Start of EXERCISE INPUTS

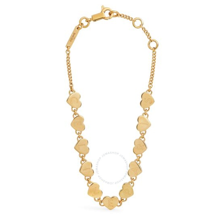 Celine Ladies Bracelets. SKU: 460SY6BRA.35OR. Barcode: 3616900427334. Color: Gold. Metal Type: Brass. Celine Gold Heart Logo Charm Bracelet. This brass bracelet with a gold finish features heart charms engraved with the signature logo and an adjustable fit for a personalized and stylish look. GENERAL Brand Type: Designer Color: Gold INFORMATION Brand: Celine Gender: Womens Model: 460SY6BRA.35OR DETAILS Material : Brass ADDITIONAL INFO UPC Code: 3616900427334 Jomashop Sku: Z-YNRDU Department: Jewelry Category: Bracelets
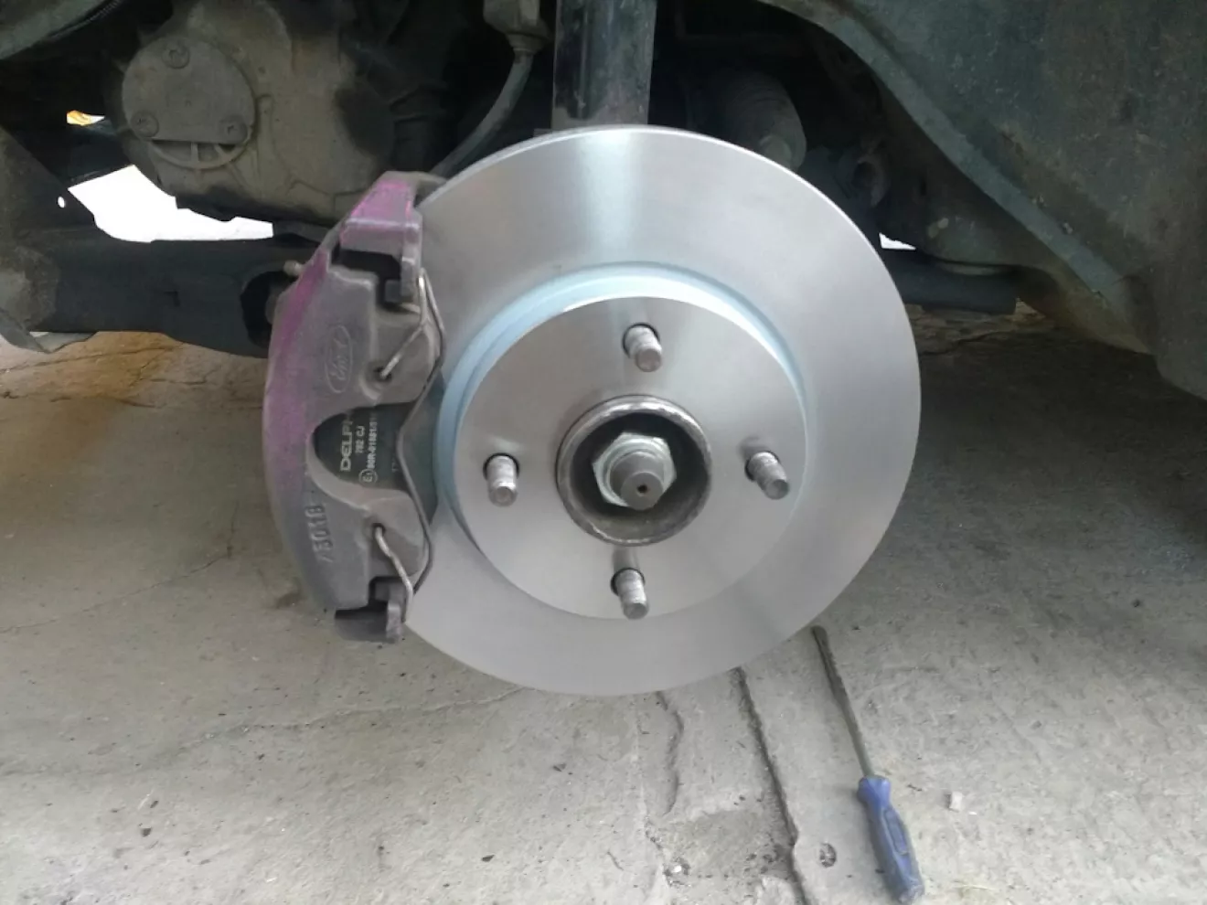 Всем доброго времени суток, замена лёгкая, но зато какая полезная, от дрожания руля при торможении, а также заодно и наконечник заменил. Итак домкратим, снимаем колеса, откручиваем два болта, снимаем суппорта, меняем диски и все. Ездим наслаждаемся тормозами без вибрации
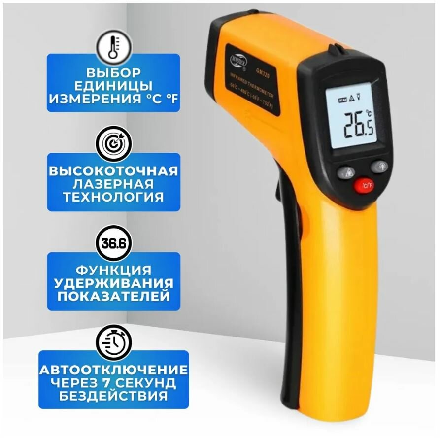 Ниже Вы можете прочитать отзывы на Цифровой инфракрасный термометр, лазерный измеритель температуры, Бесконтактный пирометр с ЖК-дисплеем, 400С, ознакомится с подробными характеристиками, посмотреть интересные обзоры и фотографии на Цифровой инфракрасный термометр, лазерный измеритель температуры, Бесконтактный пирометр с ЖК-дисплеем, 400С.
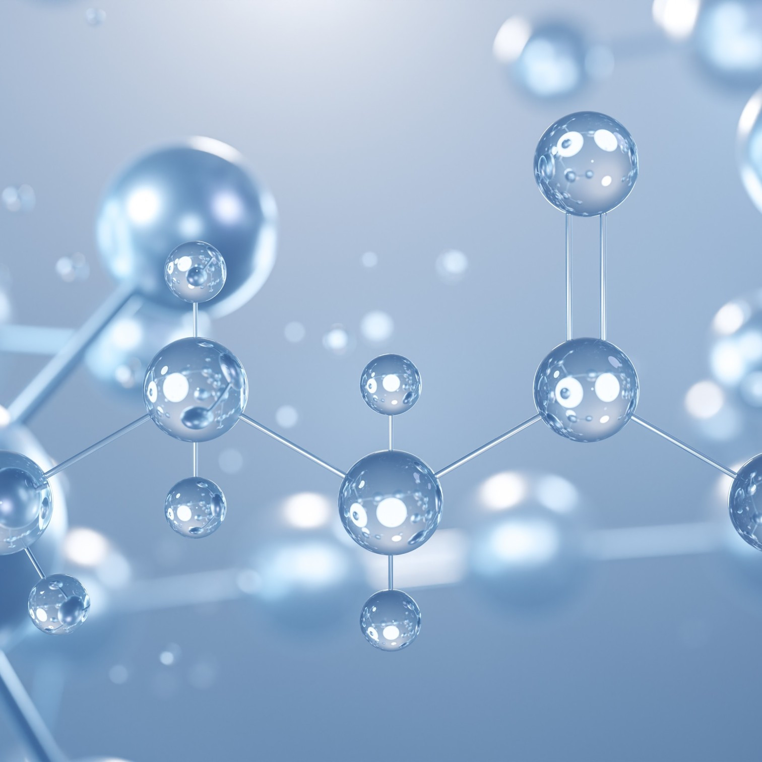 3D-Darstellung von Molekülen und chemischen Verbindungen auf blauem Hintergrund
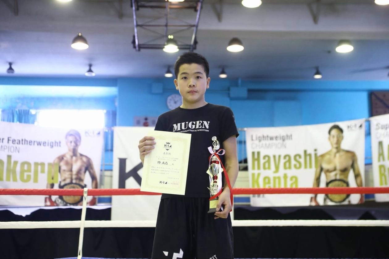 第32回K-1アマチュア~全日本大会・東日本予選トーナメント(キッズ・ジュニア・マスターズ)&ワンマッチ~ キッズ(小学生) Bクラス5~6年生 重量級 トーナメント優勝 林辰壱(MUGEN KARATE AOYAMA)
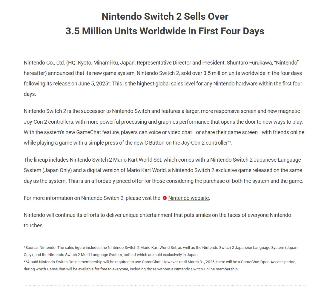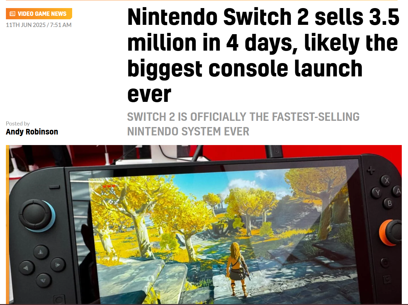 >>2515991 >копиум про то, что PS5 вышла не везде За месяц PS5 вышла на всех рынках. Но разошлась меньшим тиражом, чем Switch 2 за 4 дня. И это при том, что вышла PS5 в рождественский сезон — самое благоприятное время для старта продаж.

End of EXERCISE INPUTS

▶ _EXERCISE DETAILS_: Once the line with "林辰壱(MUGEN KARATE AOYAMA)" is found, write out that line and every later line of the listing above exactly, through the last one, and skip any pictures.

▶ _RESPONSE BELOW_:
 第32回K-1アマチュア~全日本大会・東日本予選トーナメント(キッズ・ジュニア・マスターズ)&ワンマッチ~ キッズ(小学生) Bクラス5~6年生 重量級 トーナメント優勝 林辰壱(MUGEN KARATE AOYAMA)
 >>2515991 >копиум про то, что PS5 вышла не везде За месяц PS5 вышла на всех рынках. Но разошлась меньшим тиражом, чем Switch 2 за 4 дня. И это при том, что вышла PS5 в рождественский сезон — самое благоприятное время для старта продаж.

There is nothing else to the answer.